Output a character-exact copy of the data, images removed.

**GIVEN DATA:**

◇ ◇ ◇

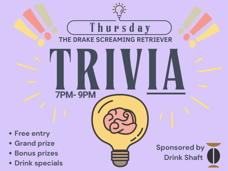 It's Trivia Night at The Drake Screaming Retriever! Bring yourself or your team on down for too much fun! Great prizes, amazing atmosphere, great deals! Test your knowledge out this week!
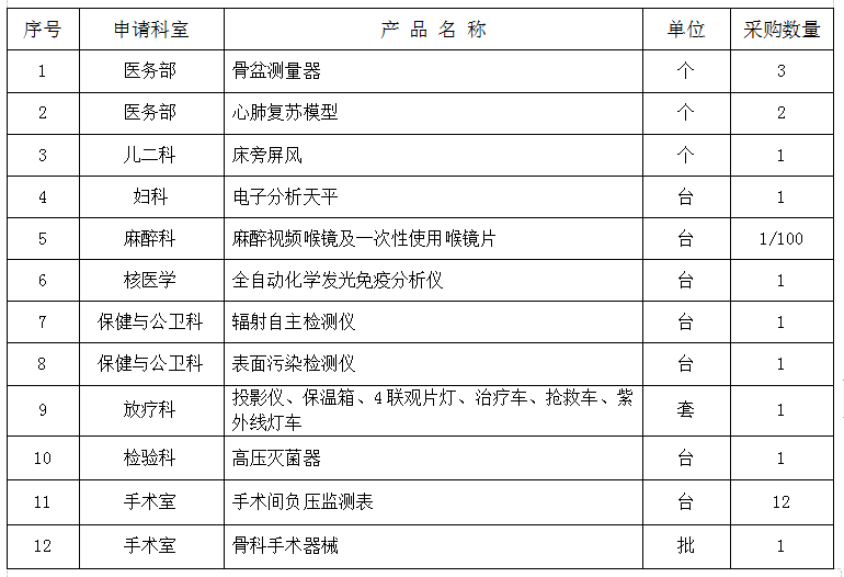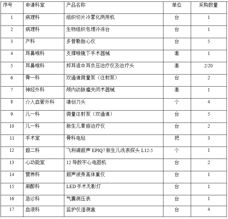 我院擬對以下醫(yī)療器械進行采購,請符合條件的供應商報名:
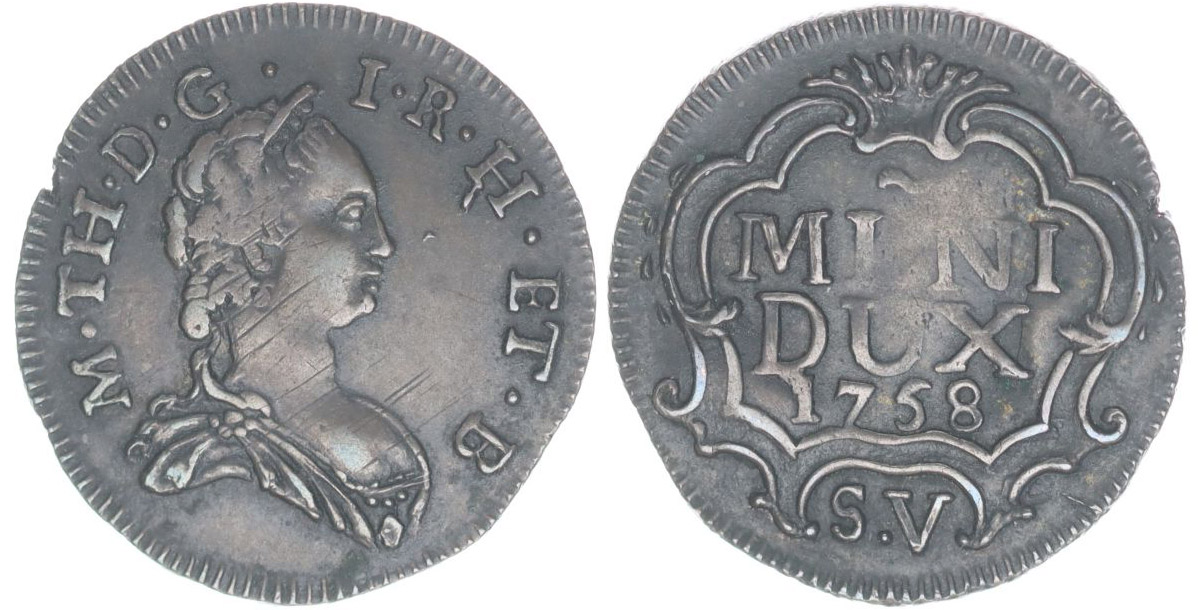 V Soldi 1758, Milán, Nov.192, Her.1793, Fr.1893, Eyp.- široký střížek 21 mm_dr.ned. RR!

◇ ◇ ◇

**THE COMPLETED TASK:**
 It's Trivia Night at The Drake Screaming Retriever! Bring yourself or your team on down for too much fun! Great prizes, amazing atmosphere, great deals! Test your knowledge out this week!
 我院擬對以下醫(yī)療器械進行采購,請符合條件的供應商報名:
 V Soldi 1758, Milán, Nov.192, Her.1793, Fr.1893, Eyp.- široký střížek 21 mm_dr.ned. RR!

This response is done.